But he returned a $1,000 check last year from Tutor-Saliba. “Hey, it’s not worth the hassle,” he said. “All I could see was it didn’t do them any good. It didn’t do me any good.”

Knabe said he has to engage in extensive fund-raising because of the sheer size of the district, which follows the coast from Marina del Rey to Long Beach before cutting an eastward swath through Lakewood, Cerritos, Downey, Norwalk and Whittier as far as Diamond Bar.

“I’m trying to win an election,” Knabe said. “So my job is to raise the money necessary to get the message out to 2 million people and to 840,000 registered voters.”

He adamantly insisted that “no one is trying to compromise me. No one expects anything more or less based on their contribution. I’ve never had that problem,” Knabe said. “People don’t call and hammer you and say I contributed ‘X’ number of dollars to you or your boss. None of that goes on. You don’t get arm-twisting phone calls.”

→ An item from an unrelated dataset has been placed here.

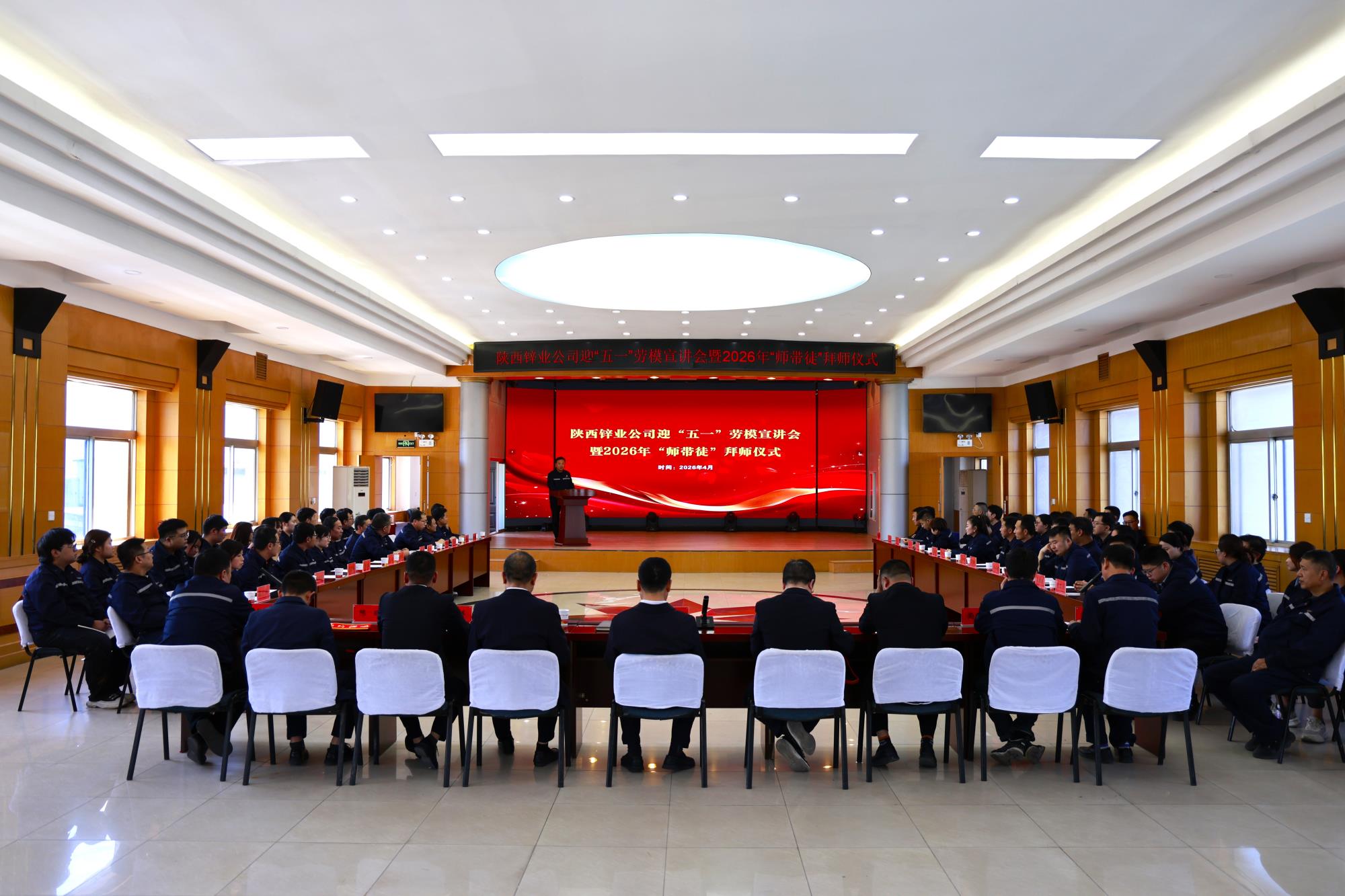在“五一”国际劳动节来临之际,为大力弘扬劳模精神、劳动精神、工匠精神,扎实推进产业工人队伍建设改革,近日,陕西锌业有限公司开展“匠心逐梦·薪火相传”迎“五一”劳模宣讲会暨2026年“师带徒”拜师仪式。活动将思想引领与人才传承深度融合,以劳模故事砥砺奋进初心,以师徒契约赓续企业薪火,为推进公司高质量发展注入了强劲的精神与人才动能。

He is in no hurry to change the wide-open system of financing county elections, saying he will study the question of setting a limit on the maximum contribution to the county’s elected officials.

He is sharply critical of one of his rivals, former Rolling Hills Mayor Gordana Swanson. It was Swanson whose insurgent campaign in 1992 forced Dana into a runoff. And Knabe managed Dana’s hard-hitting runoff campaign.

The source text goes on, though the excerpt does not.